Further, as the conductive powder, nickel powder was used in the above embodiments, but iron, stainless steel powder, carbon, graphite powder, etc. may also be used.

As the binder, in addition to hydrophilic substances such as carboxymethyl cellulose and polyvinyl alcohol, common binders such as fluorocarbon resin, polystyrene, and polyvinyl chloride can be used.

Although a nickel electrode was described in detail in the above embodiment, a cadmium electrode can be manufactured in the same manner by filling with cadmium oxide, cadmium hydroxide, etc., and the same effect can be obtained.
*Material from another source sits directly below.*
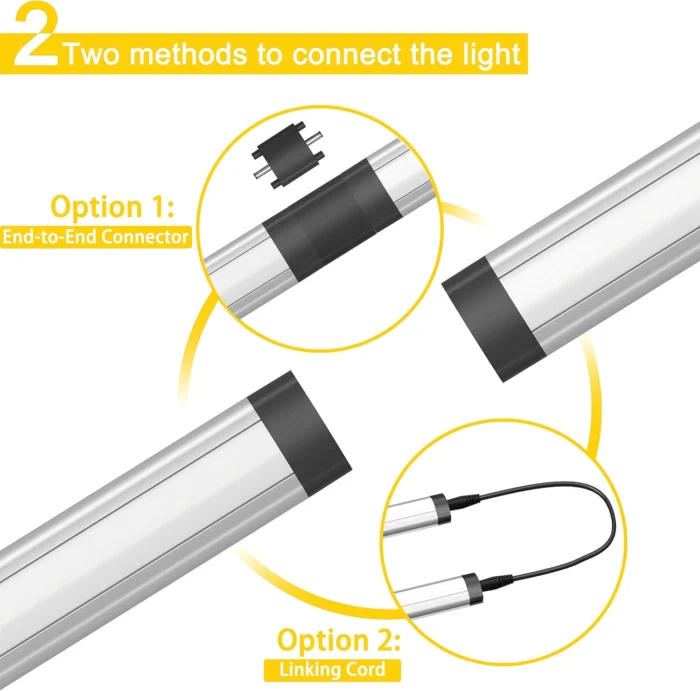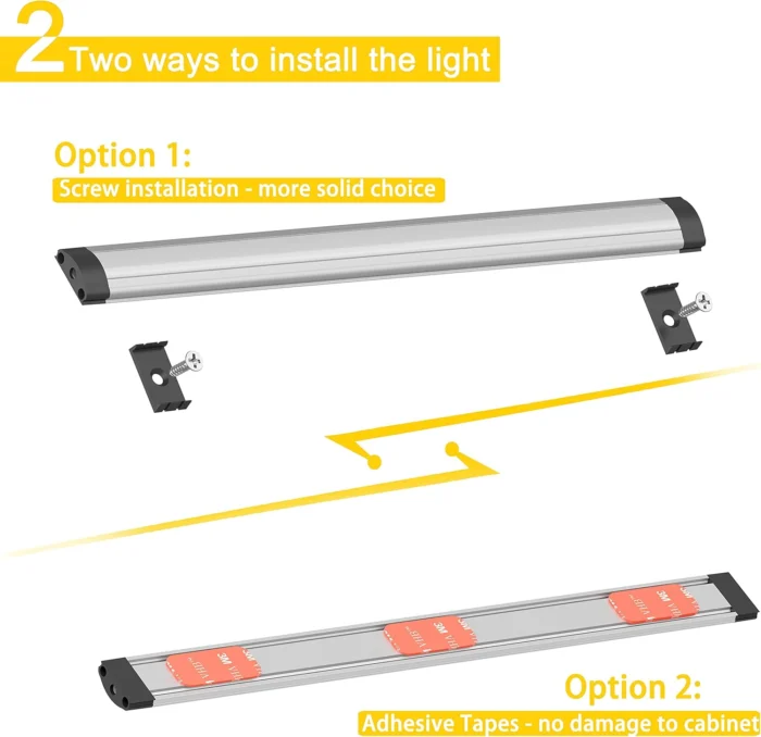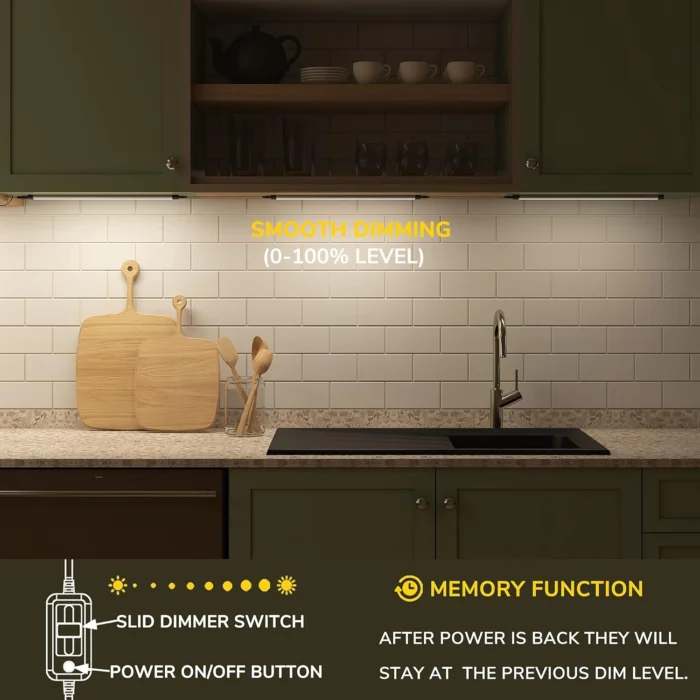 Reviewer: JK Jordan Rating: 5.0 out of 5 stars Title: great lights, easy to install, well-designed connectivity and controls. Review: In researching undercounter lights and asking around, I decided to order this set and am pleased with them.They were easy to install and the separate button switch and slide dimmer are perfect.I only needed three lights but bought the set of five. In case one fails some day, as electrical things sometimes do, I’ll have instant replacement light module.The light is easy and bright. Our whole family is happy with them. Reviewer: Amazon Customer Rating: 5.0 out of 5 stars Title: Works perfectly as described! Review: Easy install with adhesive, holds firm. Dimmer option is ideal. Great product for the price! Reviewer: Bobbi Rating: 5.0 out of 5 stars Title: Nice lights Review: I’ve tried many different under-the-cabinet lights. I tried several that were rechargeable. None of them had a charge that lasted more than a couple of days. To much of a pain to take them down and recharge as much as I do my cell phone. These are electric, easy to put up and have a dimmer on them so I can use them as tasks lighting or dim them for ambient lighting. I hid the cord with a cord hider I purchased at Lowes. They look great. Reviewer: G. Dodge Rating: 4.0 out of 5 stars Title: Decent Set, Fussy Installation Review: My complaints for these lights are few, and they’re all during installation.I highly recommend orienting/laying out the lights on a separate surface to later attach to where you want the lighting. I was working under a cabinet and it was exceptionally awkward, especially when things were not going smoothly. If I had mounted these lights onto a strip of something first, then installed the lighted strip where I wanted it, I would have had a much better time.That said, the power switch bit functions but it feels pretty cheap and doesn’t mount well. I have this unimpressive box of switch stuck on a cabinet, wires awkwardly leading off of it. The lights are solid, but for all their success, the switch box feels particularly makeshift. Reviewer: david whitney Rating: 5.0 out of 5 stars Title: Great for display cases Review: I installed these to light up my display cases in my store, and these work great. Nice and bright, easy to install, and cost a fraction of what they want for actual display case lights. Only complaint I have is the backing on the 3M tape is extremely hard to remove. Reviewer: Herb Bray Rating: 5.0 out of 5 stars Title: Highly Recommend Review: Highly recommend these lights. I have them under all my kitchen cabinets and they are bright but can dim to have on all night long also. Reviewer: lfholmer Rating: 5.0 out of 5 stars Title: Excellent Undercabinet Lights Review: My son and I installed 10 of these lights in his new kitchen. They were relatively easy to install if you have basic carpentry and electrical skills. We used the mechanical mounts, not willing to risk adhesive failures when the lamps heat up. The best advice is to layout the entire plan on paper or with software before starting. We also purchased additional low-voltage extensions and splitters and a short extension cord. Because this was a new build we installed a switched 120 VAC outlet above the cabinets, which made the final installation easier with a more finished appearance. The color, 5000°K, was just perfect for the new kitchen. BTW – we did not use the adjustable brightness. Reviewer: Amazon Customer Rating: 3.0 out of 5 stars Title: Good but not the very best Review: These worked great when I first purchased them. All my ceiling kitchen lights are behind me when standing at the counters so I used them very frequently so I can have light and see when doing almost anything in the kitchen. After a few months though they would suddenly stop working and the power block would get really hot. The cord length is great for smaller kitchens that have many cabinets together but that one odd small cabinet away from the rest, I had to get a pack and use one light with one cord and power block as the cords wouldn’t extend under my microwave. Installation was very easy and they stayed in place without a problem. They were nice and bright and light up the spaces perfectly. Mine for some reason did not dim, I tried the switch once and it never wanted to work again, could be I just got a faulty one but I needed a lot of light under my very dark cabinet areas so I didn’t really miss that feature. Durability wise; they didn’t stand the test of time and I had to replace them with a different type so I didn’t feel the cost was worth it. For small spaces you won’t use constantly and have a convenient outlet nearby, I would say these work great but if you need something that doesn’t bind you by a cord and will have high use for, I would skip. Reviewer: nauman aslam Rating: 5.0 out of 5 stars Title: Review: Installed this set in my kitchen , bright light , easy installation, wife loved it Reviewer: Amazon Customer Rating: 4.0 out of 5 stars Title: Review: Arrived when they said. Easy to install. Came with all installation parts and good easy to follow instructions. Works well Reviewer: James C Rating: 5.0 out of 5 stars Title: Review: Nice, bright and dimmable.Bought these after trying the wireless ones that kept failing. Reviewer: Denis Veillette Rating: 3.0 out of 5 stars Title: Review: Après seulement 1 an d’utilisation … elle ne fonctionne plus. J’suis un peu déçu. J’aurais aimé une meilleur qualité. Reviewer: billfern Rating: 5.0 out of 5 stars Title: Review: I bought these with unknown intent and placed under a cupboard assembly in my laundry room. Plenty bright enough but I had thought these lights had a motion detector and they don’t. So that kind of messed up the location issue. I moved them from the laundry room to the garage. It was a bit hard to break the seal on the two sided tape, but decided to work on the surface between the tape and the cupboard so a

As for the filling method, in addition to the filling method involving conversion into an active material as shown in the examples for both the nickel electrode and the cadmium electrode, a paste method for directly filling the active material can also be adopted.
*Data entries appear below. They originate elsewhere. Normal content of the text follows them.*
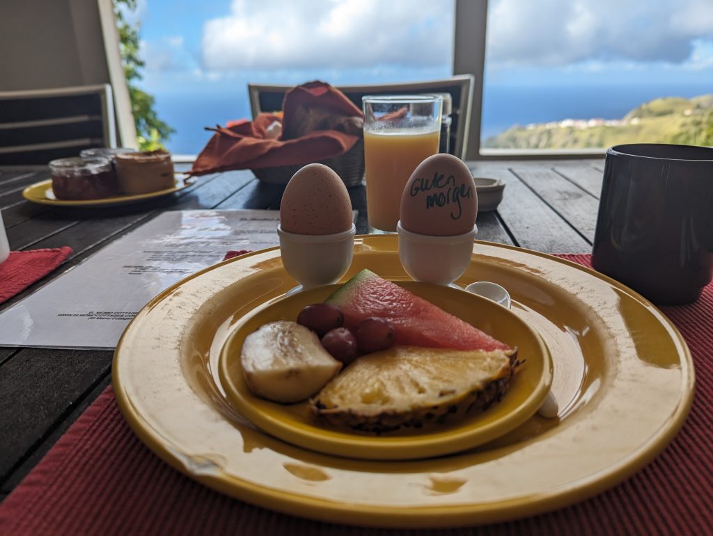 - Today we enjoy the really tasty El Momo breakfast for the first time – with fresh fruits, njam!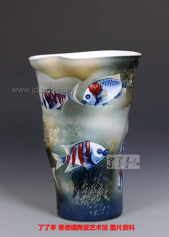 展示作品:议价 创作艺术家:胡景文,江西省工艺美术大师 教授 作品的名称:《海洋》高温颜色釉 瓷瓶 配备的鉴定资料:作品证书 作者合影 是否有残次瑕疵:无瑕疵 作品所在地:景德镇 了了亭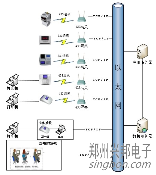 [文章內(nèi)容簡介]:BS平臺IC卡中文液晶顯示消費機(jī)433通訊網(wǎng)絡(luò)拓?fù)鋱D。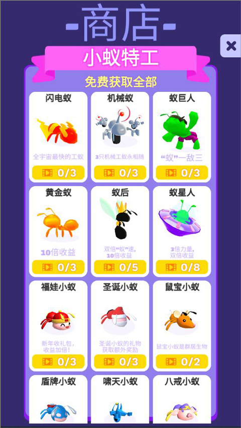 4、于商店页面里,玩家能够用游戏所赚取的钱来购置小蚂蚁特工。

As described above, according to the present invention, a porous body composed of fibers contains electroconductive powder having resistance to electrolyte, and is then coated with metal, which is a simple process that achieves excellent quality and cost. A battery electrode substrate can be obtained.

[Brief explanation of drawings]

FIGS. 1 and 2 are graphs showing a comparison of discharge characteristics of various batteries.

Claims (1)

[Scope of Claims] 1. A method for manufacturing an electrode substrate for a battery, which comprises incorporating a conductive powder having electrolyte resistance into a porous body made of fibers, and then applying metal plating to the porous body. 2. The method for producing a battery electrode substrate according to claim 1, wherein the step of incorporating the conductive powder into the porous body comprises impregnating the porous body with a dispersion medium in which the conductive powder is dispersed. 3. The method for producing a battery electrode substrate according to claim 1, wherein the step of incorporating the conductive powder into the porous body comprises impregnating the porous body with a binder solution in which the conductive powder is dispersed. . 4. The battery electrode according to claim 1, wherein the step of incorporating the conductive powder into the porous body comprises applying a binder solution in which the conductive powder is dispersed to the surface of the porous body by spraying. Substrate manufacturing method. 5. The method of manufacturing a battery electrode substrate according to claim 1, wherein the metal plating step comprises first performing electroless plating and then performing electrolytic plating.